The core decision was to build the new system adjacent to the old one rather than tearing the old one out. The team was still designing live work every day, so a clean-room rebuild alongside the existing system meant I never blocked anyone while it came together.

From there the plan was concrete: a comprehensive component list marking what to build, refactor, or remove; a full breakdown of the colour system with redundant colours stripped and a proper mapping added; a typographic cleanup; and engineering involved in implementation from the start.

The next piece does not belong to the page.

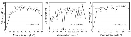 The energies of (a) <100> STGBs, (b) <110>STGBs, and (c) <111> STGBs as a function of the misorientation angle.

The component tracking list
The working component list, striking off each one as it was completed.
The colour mapping
Expanding and renaming colours, with accessibility guidance built into the map.

How I built it

Using atomic design, I started at the foundations, colours and typography, since everything above depends on them. Then I moved to the atoms.

Buttons were the first real test. Even at the smallest level, the old button had many variants and almost no flexibility. Rebuilding it with nested components and variables turned a rigid set of one-offs into a single flexible component, and proved the approach for everything above it.

The piece I was proudest of was the table cell component. ShipServ uses tables constantly, and the old system could never capture every use case in one component. By designing a single, flexible cell, tables became fast to build and genuinely scalable, which removed one of the most repetitive jobs in the team's day.

The old button component
The old button component, with all its rigid variants.
The rebuilt Lighthouse button component
The rebuilt Lighthouse button, flexible through nested components and variables.
The table cell component
The table cell component, built to handle every table use-case from one place.

The result

The finished library landed at 56 components, 120 scalable colours, and 14 typographic styles. More importantly, it changed how the team worked: designers stopped fighting the components and got to concentrate on the actual problem, and engineering had a system they could map straight to Storybook.

Measured against the goals: the system was refactored and adopted, the colour system was fully tokenised, the component library used Figma's nesting and variables properly, and the Storybook integration gave developers real parity with code.

Old button component in review
The old button beside the rebuilt Lighthouse button.
Lighthouse button component in review
The flexible Lighthouse button, built with nested components and variables.
The finished Lighthouse system
The finished library: 56 components, 120 scalable colours, and 14 typographic styles.

Reflection

This ended up far bigger in scope than I expected going in, and that was the lesson.

  • A design system is mostly not the components. Building components is the fun, visible part, but it's a small slice of the work. Getting it to translate cleanly into production is the much larger effort, and the part I underestimated.
  • Engineers make or break it. I didn't fully grasp at the start that without the dev team, none of this reaches Storybook or gets implemented. Aligning to their stylesheets early turned out to be the best decision I made.
  • It has to work for everyone, not just me. Between engineering, UX, solutions, and product, a design system serves a lot of people. It needs to work for all of them, not just the person who built it.